Yeah I wont be really upset as long as we get in and hopefully get to beat up an NFC Least team for a playoff win. Next year get our shit together for real.
Just let Brady run the offense and take your egos out of it, Arians/Leftwich.
I mean, I have a hard time agreeing with that. Tom Brady is already 43 years old. How much time do you think he has left as an effective NFL QB? And, I understand, maybe you could argue that the "normal laws of aging" don't necessarily apply to (arguably) the best QB in the history of the league, but, on the flip side to that, I would say just take one look at Peyton Manning. He was the league MVP in 2013 and had pretty much picked up where he left off through about eleven games of 2014 (was on pace for ~5175 yards at that point). And then, beginning with the very next week, his numbers cratered. From that point forward through the rest of his career, he only had three games over 300 yards passing. 17 touchdowns, 23 interceptions. If I remember, he was dealing with some kind of quad injury in 2014 at that point, but there was no bounceback when he was, ostensibly, healthy the following year. A different arguable GOAT, and he went from being at the top of his game to being finished, almost literally overnight.

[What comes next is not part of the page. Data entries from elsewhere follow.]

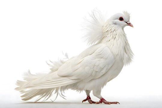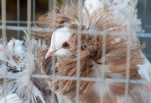 A Jacobin pigeon, a domesticated breed of pigeon originating in Asia inside a cage at an agriculture exhibit.
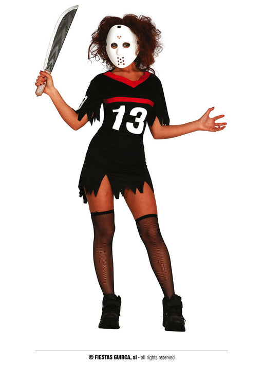 Halloween horror costume with white hockey face mask, black dress with red trim and printed number 13 along with pair of black stockings.
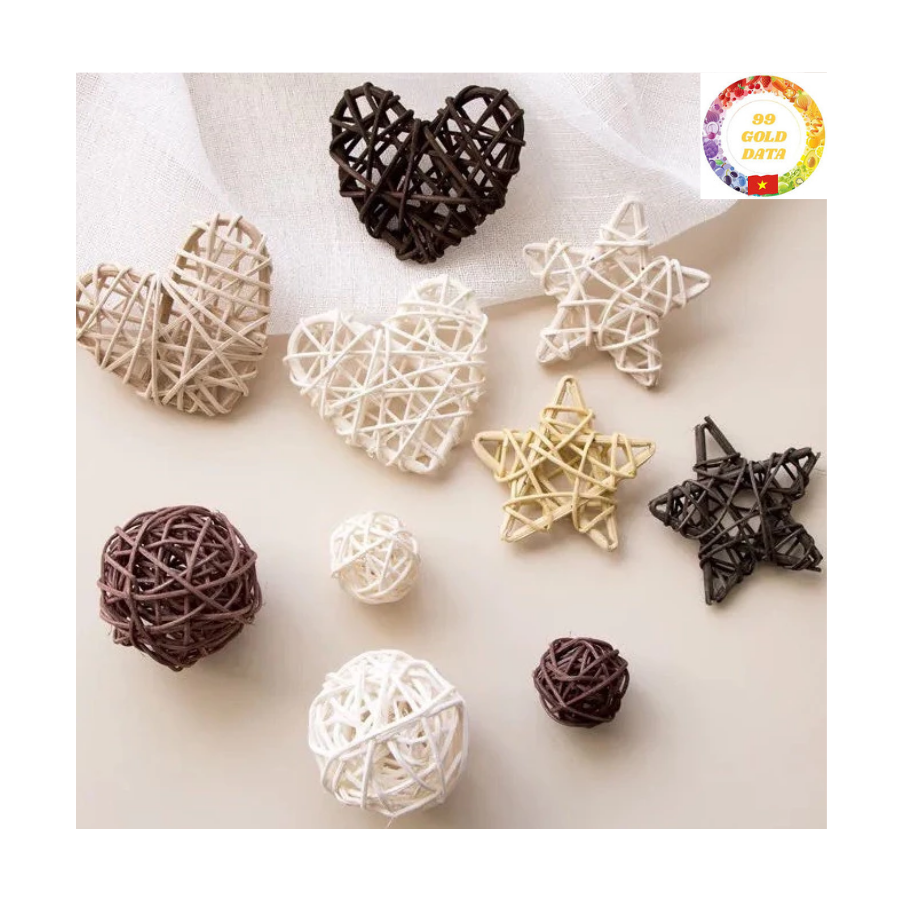 Adornos Rústicos Hechos a Mano de Ratán con Forma de Copo de Nieve y Corazón, Decoración Navideña de Mimbre para Árbol de Navidad, Decoración Rústica para el Hogar

It was one thing in 2010 with a young Josh Freeman or in 2016 with a young Jameis Winston to be an "up-and-coming" team that, hopefully, would be more of a threat to make noise in the playoffs in the future but at the same time would've been just happy to make the playoffs at all in the current year. With a 43-year-old Tom Brady, I can't think that way. You don't sign someone at that age and think long term. The two things completely contradict each other. Personally, I think this team is super overrated and people just want to believe because of who the QB is and because this defense was able to force Aaron Rodgers into one of the worst games of his entire career on one random Sunday (and, guess what? If there's a re-match in the playoffs, it's gonna be at Lambeau, not Raymond James, and in cold weather, not warm Tampa), but what I think of them doesn't matter. This team was assembled to make a run at the Super Bowl beginning this season, and maybe that's why I speak with such a harsh tongue for them. Because, whether you want to criticize Brady, the defense, the O-line, Mike Evans, or the coaching staff, I don't have any reason to think they can get the job done. Aside from that Packers game, they've failed every big test they've gotten this year. And if calling yesterday a "failure" is harsh because of the final score, let me just say that yesterday was a 27-24 final score that was one Mecole Hardman-dropped 89 yard touchdown pass away from being a 3rd quarter blowout and Patrick Mahomes having a very real chance at setting a single-game passing yards record (he finished with 462, the record is 554, and the Chiefs pretty much went nowhere the rest of that drive. 462 + 89 = 551, so, either way, he was right in the neighborhood with that play). 27-24 flattered the Bucs, big time. I wasn't impressed.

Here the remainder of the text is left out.